AMY GOODMAN: Do you see a different trend under President Obama than under President Bush in terms of what will happen to Social Security? Ultimately, President Bush didn’t succeed in cutting it.

DEAN BAKER: Well, I worry about what will happen under President Obama. You go back to when President Clinton was in the White House, President Clinton proposed cuts to Social Security. He was recently on a panel here at a program put on by the Peterson Foundation, and he just got right up, and he said, “I wanted to cut Social Security, but, you know, they wouldn’t let me.” Dick Gephardt, you know, at that time the leader of the Democrats in the House, and he said Dick Armey also opposed it. He goes, “They wouldn’t let me, but I wanted to do it.” You know, he just said that in very open terms, which is something we knew back in the '90s, those of us who were fighting against it. But it was just quite striking that this was one of the regrets of his presidency, that he wasn't able to cut Social Security.

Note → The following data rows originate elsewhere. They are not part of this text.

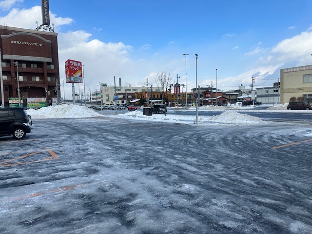 苫小牧は雪の後雨が降ったそうでガチガチに凍っていた。
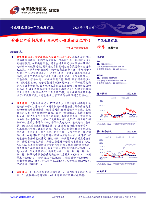 【银河证券】【20230708】有色金属6月行业动态报告:镓锗出口管制或将引发战略小金属的价值重估-24页
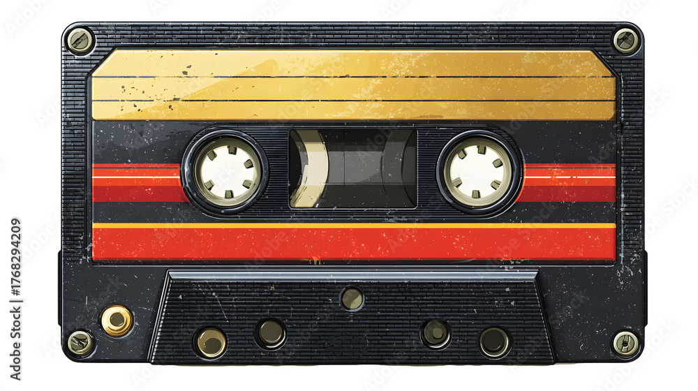 Retro music vibes: classic black cassette tape design for nostalgic themes #1768294209
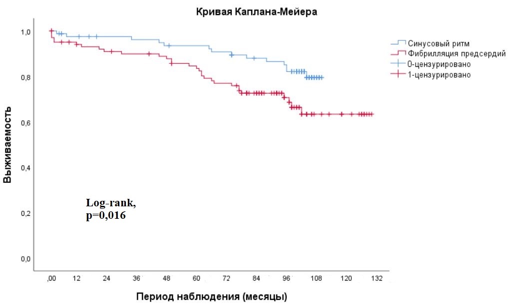 Results. The time spent in the clinic was statistically significantly shorter in the SR group than in the AF group (10 (9–11) and 14 (11–16) hours, respectively, p < 0.001). There was no statistically significant difference in the number of perioperative myocardial infarctions (in the group with SR it occurred in 1 (1.2 %) patient, in the group with AF – 2 (2 %), p = 0.7), strokes (in the group with SR – 1 (1.2 %), in the group with AF – 3 (2.9 %), p = 0.6), as well as a 30-day mortality (in the group with SR it was 0 %, in the group with AF – 3 (2.9 %), p = 0.2). In the long-term postoperative period, there were statistically significantly fewer strokes in the group with SR than in the group with AF (in the group with SR, the 10-year stroke freedom was 88.8 %, and in the group with AF – 71.8 %, p = 0.018), and also better long-term survival in the group with sinus rhythm (in the group with SR, the 10-year survival rate was 79 %, in the group with AF – 63.9 %, p = 0.016).

And you have a lot of the same people that were in the Clinton administration who are back working with President Obama, and I do worry very much that many of them want to cut Social Security. One of the things that I — you know, I’m not longing for President Bush to be back in the White House, but, you know, there was a relatively unified stand among Democrats against President Bush’s plan to cut Social Security. And that made it more difficult for him to get very far, and of course he never actually introduced a plan. Nothing ever got voted on by Congress. It didn’t come that close to being done. When you have a Democrat in the White House and he says he wants to cut Social Security, or at least people close to him say that, then it becomes much more difficult, because it’s not clear how you organize against that, because certainly you will have Democrats who want to support their president. So, again, I find it very worrisome that — you know, you’re looking at his deficit commission, he appoints his two top appointees, the Republican and Democrat co-chair, who he picked. Both were quite explicit: they want to cut Social Security. So I do think we have to be very worried about cuts to the program under — during the Obama administration.

AMY GOODMAN: Dean Baker, economist and co-director of the Center for Economic and Policy Research, thanks very much.